Con un attacco non proprio esplosivo (59 reti, record negativo di una squadra campione d’Italia), Conte è stato abile a dare licenza di segnare ai mediani. E qui svetta come un gigante lo scozzese McTominay (12 reti), uomo decisivo anche nell’ultimo atto in un finale all’ultimo respiro in cui non sono mancate frenate e paure. «La mia vittoria più stimolante, abbiamo fatto qualcosa di incredibile» ripete Conte.
C’è molta rabbia nell’Inter. Che è emersa anche dopo la facile vittoria sul Como (0-2, Devrji e Correa), come un grumo rancoroso che non si riesce a placare nonostante la prossima finale di Champions con il Paris Saint Germain.
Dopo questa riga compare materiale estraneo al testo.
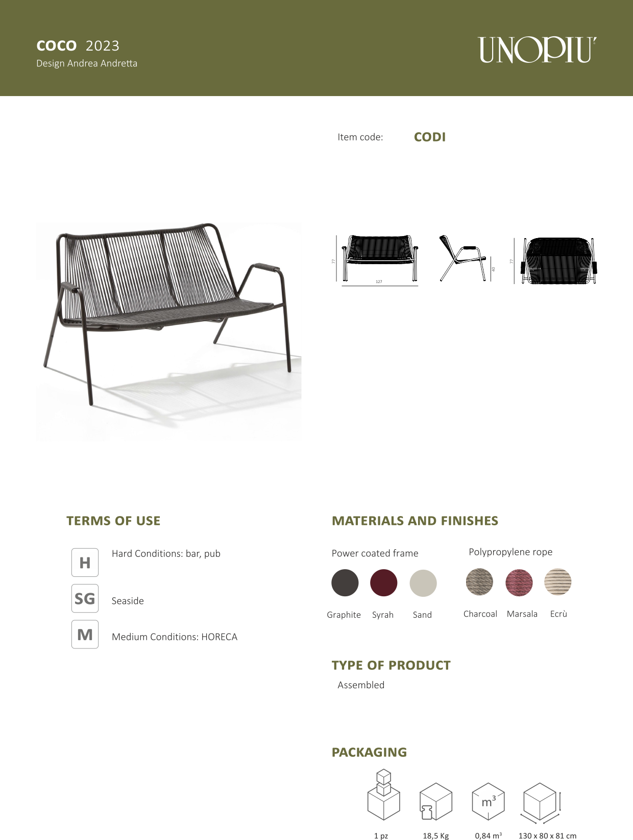 Come molti divani da giardino Unopiù anche il divano Coco è un elemento indispensabile per realizzare progetti di arredo contract. Scegliendo il divano e la poltrona da bar Coco garantiamo un’esperienza di seduta confortevole e un’ambiente accogliente per i tuoi momenti di relax.

Al di là degli apprezzamenti di facciata, dei messaggi e dei complimenti formali al Napoli, tra i nerazzurri cova una brutta sensazione: quella d’aver perso un’altra occasione, che sembrava a portata di mano come già accadde con il Milan nel 2022. Più che guardare al Napoli, bravo a lavorare sulle sue fragilità, L’inter dovrebbe interrogarsi su quali sono stati i suoi limiti in una stagione dove non sarebbe stato impossibile far convivere il sogno della Champions con quello di un nuovo scudetto.
Con una rosa più attrezzata e collaudata, questa era la stagione buona per dare il meglio. Invece, i black out sono stati tanti. Un lungo elenco di occasioni sprecate. A partire dal 2-2 con la Lazio nell’ultima partita a San Siro. Inutile continuare a prendersela con gli arbitri, con il Var e con il destino cinico e baro. L’impressione è che il Napoli, quando è stato alle corde, abbia saputo stringere di più i denti, probabilmente grazie alla feroce pressione di Conte. La squadra di Inzaghi, soprattutto in campionato, ha invece avuto troppe pause. Ancora più colpevoli se si pensava di essere i migliori.
Ora per l’Inter arriva la settimana più difficile. Quella che precede la finale del 31 maggio a Monaco. Bisogna smaltire le delusioni, mettersi alle spalle un periodo di alti e bassi che va gestito con lucidità e nervi saldi. Davanti c’è un grande traguardo, ma bisogna arrivarci con la forza e la serenità di chi, alle spalle, non ha rimpianti.